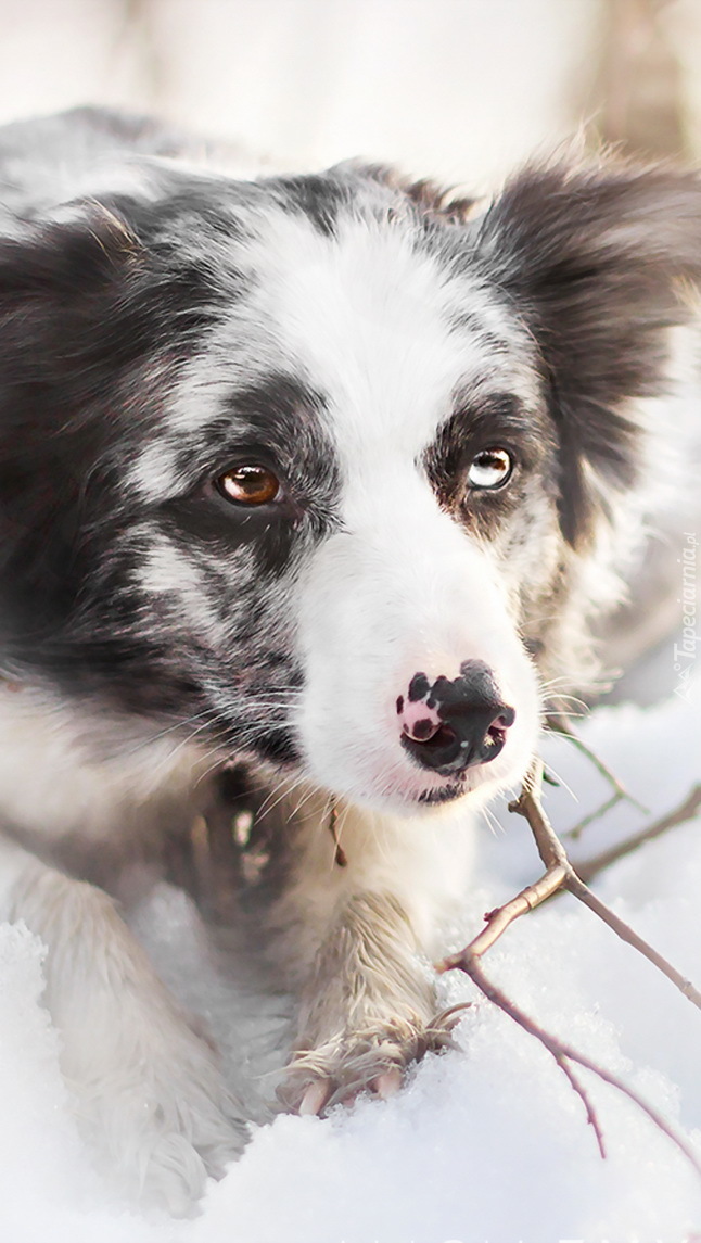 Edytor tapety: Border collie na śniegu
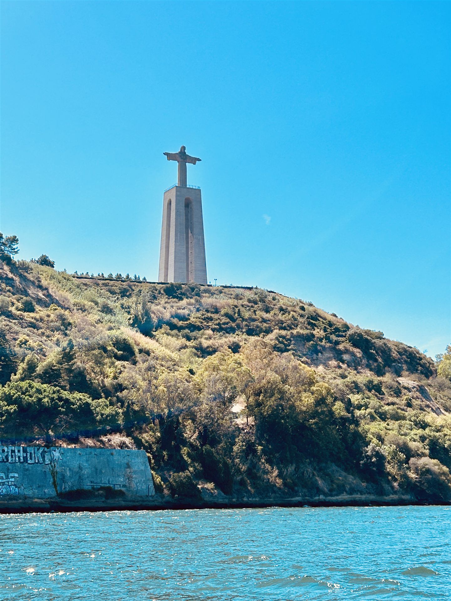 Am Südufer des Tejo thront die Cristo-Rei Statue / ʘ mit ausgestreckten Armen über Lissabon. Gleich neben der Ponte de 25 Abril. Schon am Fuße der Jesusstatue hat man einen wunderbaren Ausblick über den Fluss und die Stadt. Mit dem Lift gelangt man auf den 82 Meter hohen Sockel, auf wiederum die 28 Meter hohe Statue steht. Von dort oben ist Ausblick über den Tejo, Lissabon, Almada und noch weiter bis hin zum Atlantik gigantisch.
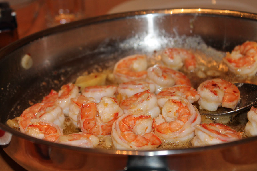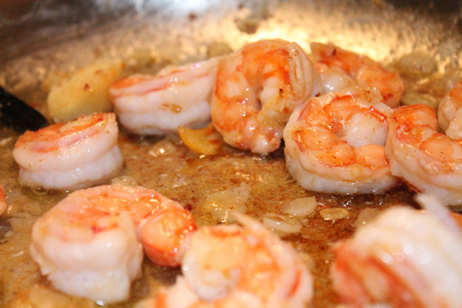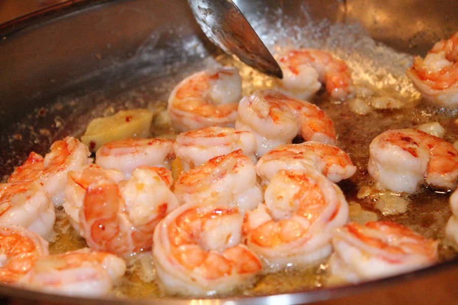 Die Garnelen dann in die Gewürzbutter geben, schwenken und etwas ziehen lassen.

TO DO → All that is needed is the lines from the line holding "Am Südufer des" to the final line of the listing above, repeated exactly, pictures excluded.

RESPONSE TO THIS EXERCISE →
 Am Südufer des Tejo thront die Cristo-Rei Statue / ʘ mit ausgestreckten Armen über Lissabon. Gleich neben der Ponte de 25 Abril. Schon am Fuße der Jesusstatue hat man einen wunderbaren Ausblick über den Fluss und die Stadt. Mit dem Lift gelangt man auf den 82 Meter hohen Sockel, auf wiederum die 28 Meter hohe Statue steht. Von dort oben ist Ausblick über den Tejo, Lissabon, Almada und noch weiter bis hin zum Atlantik gigantisch.
 Die Garnelen dann in die Gewürzbutter geben, schwenken und etwas ziehen lassen.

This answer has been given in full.